Provincial / State sides
- Years: Team / Apps / (Points)
- 2003: Thames Valley / 9

International career
- Years: Team / Apps / (Points)
- 2000–2001: Wales A / 5

= Tyrone Maullin =

Tyrone Maullin (born 8 October 1968) is a former professional rugby union player who played as a lock for Natal Sharks, Swansea and Thames Valley. Born in Durban, South Africa, he moved from Natal to Swansea in 1997, where he was coached by former Sharks teammate John Plumtree. He spent five seasons in South Wales, scoring 19 tries in 134 appearances. In 2000, after playing in a national trial match on 29 January, he was named in the Wales A squad for that season's Six Nations A Championship.

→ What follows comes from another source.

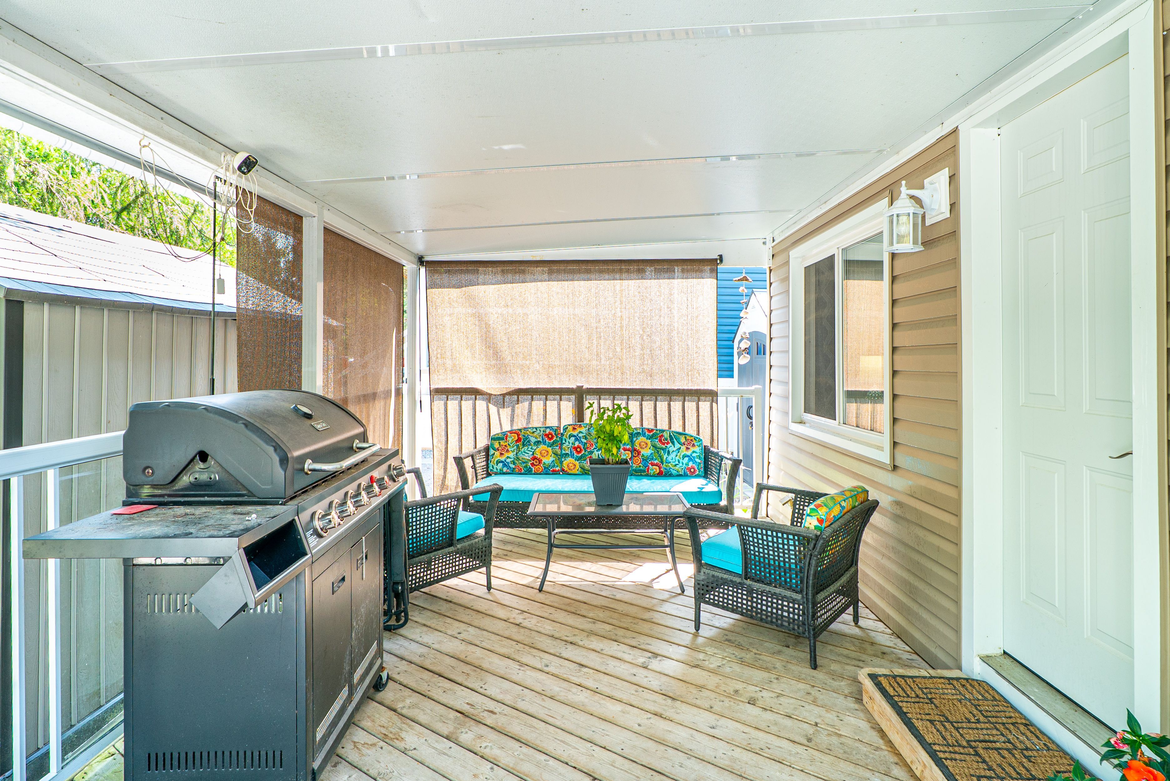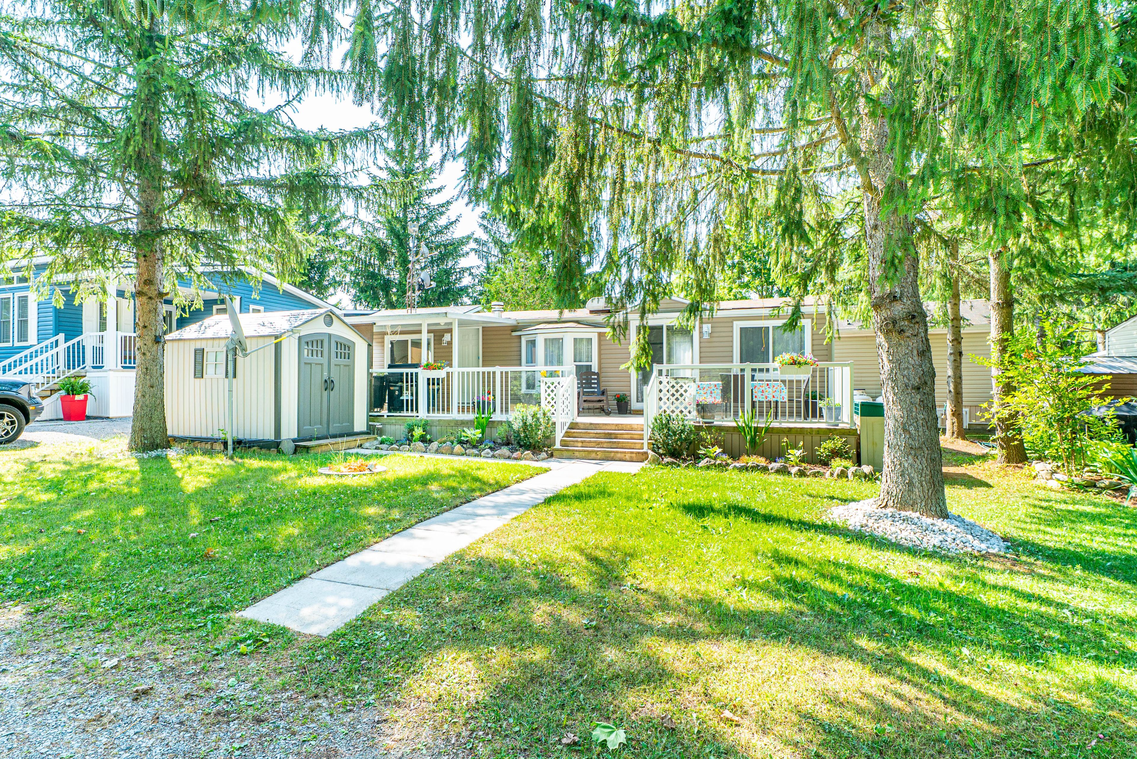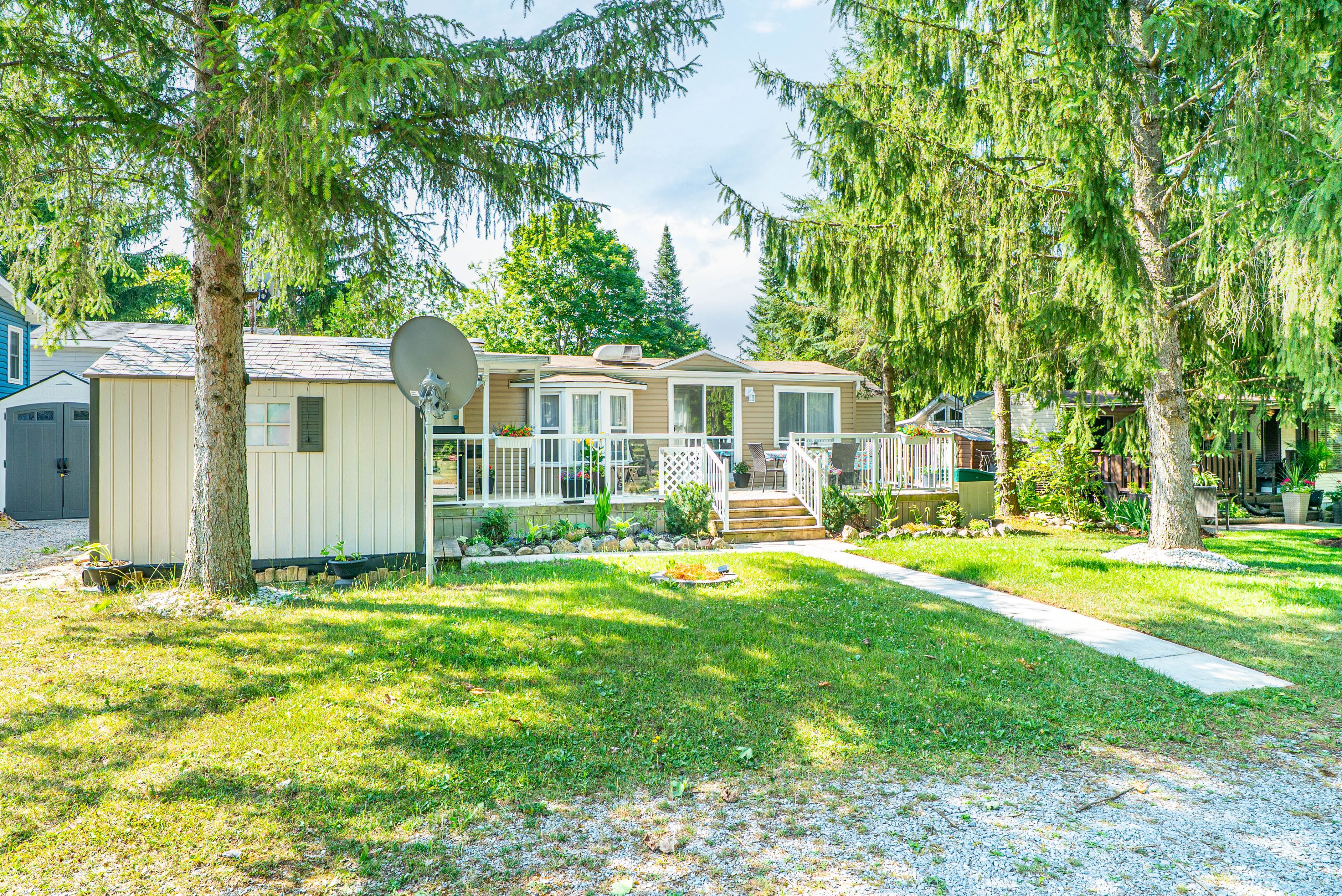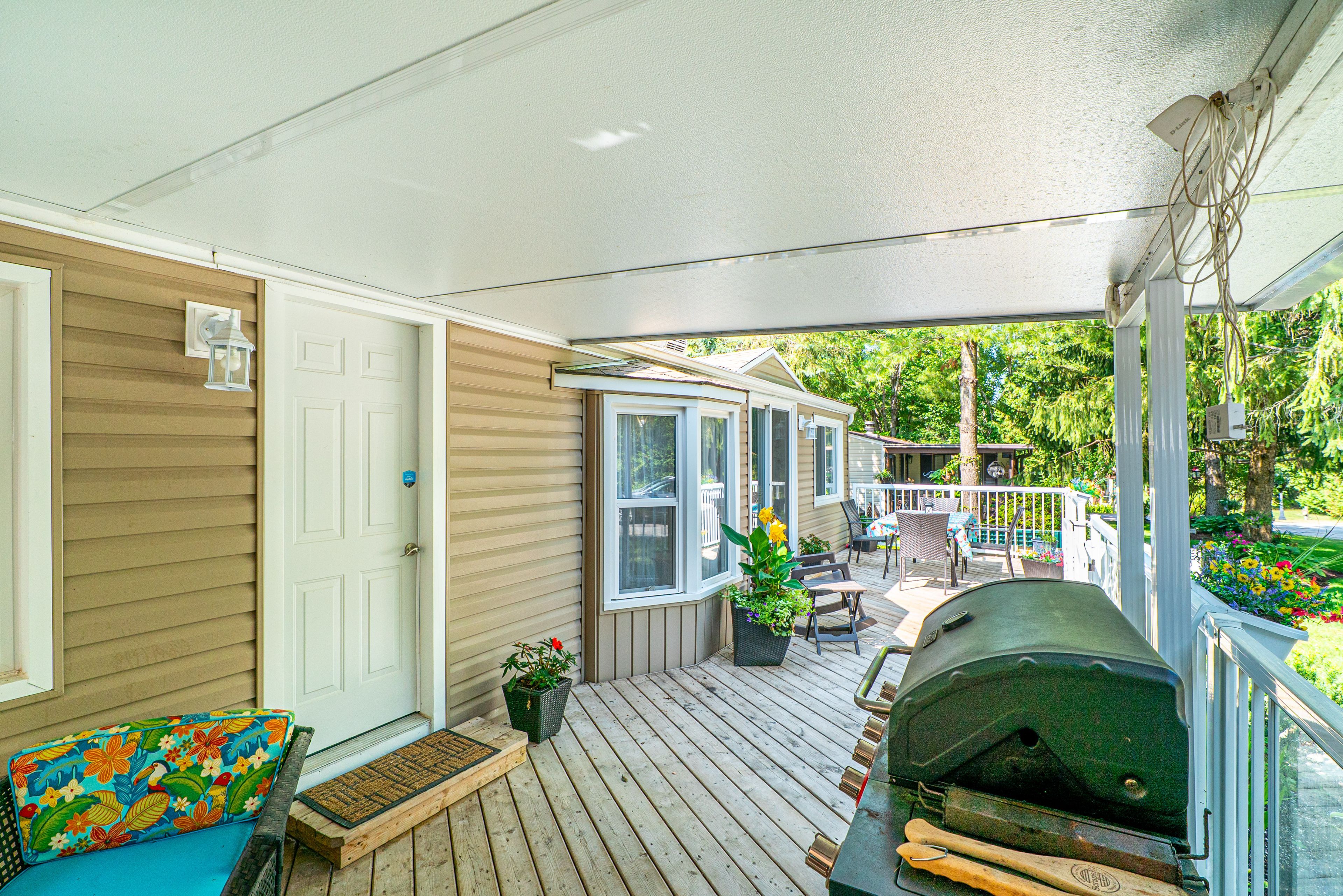 Enjoy carefree seasonal living (may to october) at the sought after nestle in resort in dunsford! This well maintained 1 bedroom, 1 bathroom trailer offers a cozy eat-in kitchen with centre island, a bright living room, and plenty of outdoor space with a covered porch and a spacious deck, perfect for relaxing or entertaining. Nestle in resort offers endless amenities including a heated pool, children's wading pool, boat docks (extra fee), fishing, jumping pillow, beach volleyball, basketball court, horseshoe pit, rec hall, and more. A fantastic way to enjoy the warm weather seasons!
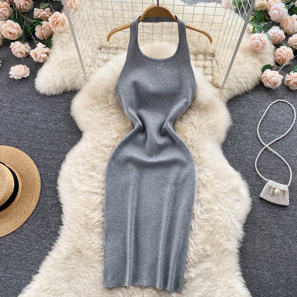 ピンク/ブラックホルターソリッドニットドレスオールマッチシンプルな女性のドレスVestidosスリット服 ソリッドカラー Abe1640917183

He made his debut against France A on the opening weekend, as well as against Italy A and England A in the following two games; he was named in the starting line-up for the fourth game against Scotland A, but investigations surrounding the Grannygate scandal led to the revelation that he had spent the first six months of his time in the UK living in London, and had therefore not spent the requisite 36 months in Wales to make him eligible by residency, leading to him being dropped. He returned to the Wales A squad for the 2001 Six Nations A Championship, playing in the final two matches against France A and Italy A. At the end of the 2001–02 season, he moved to New Zealand, where he played for Fraser Tech in Hamilton, before making nine appearances for the Thames Valley provincial side in the 2003 National Provincial Championship. He made an impactful performance on his debut for Thames Valley in a 35–7 win against Mid Canterbury, but did not do enough to earn selection for the 2004 season.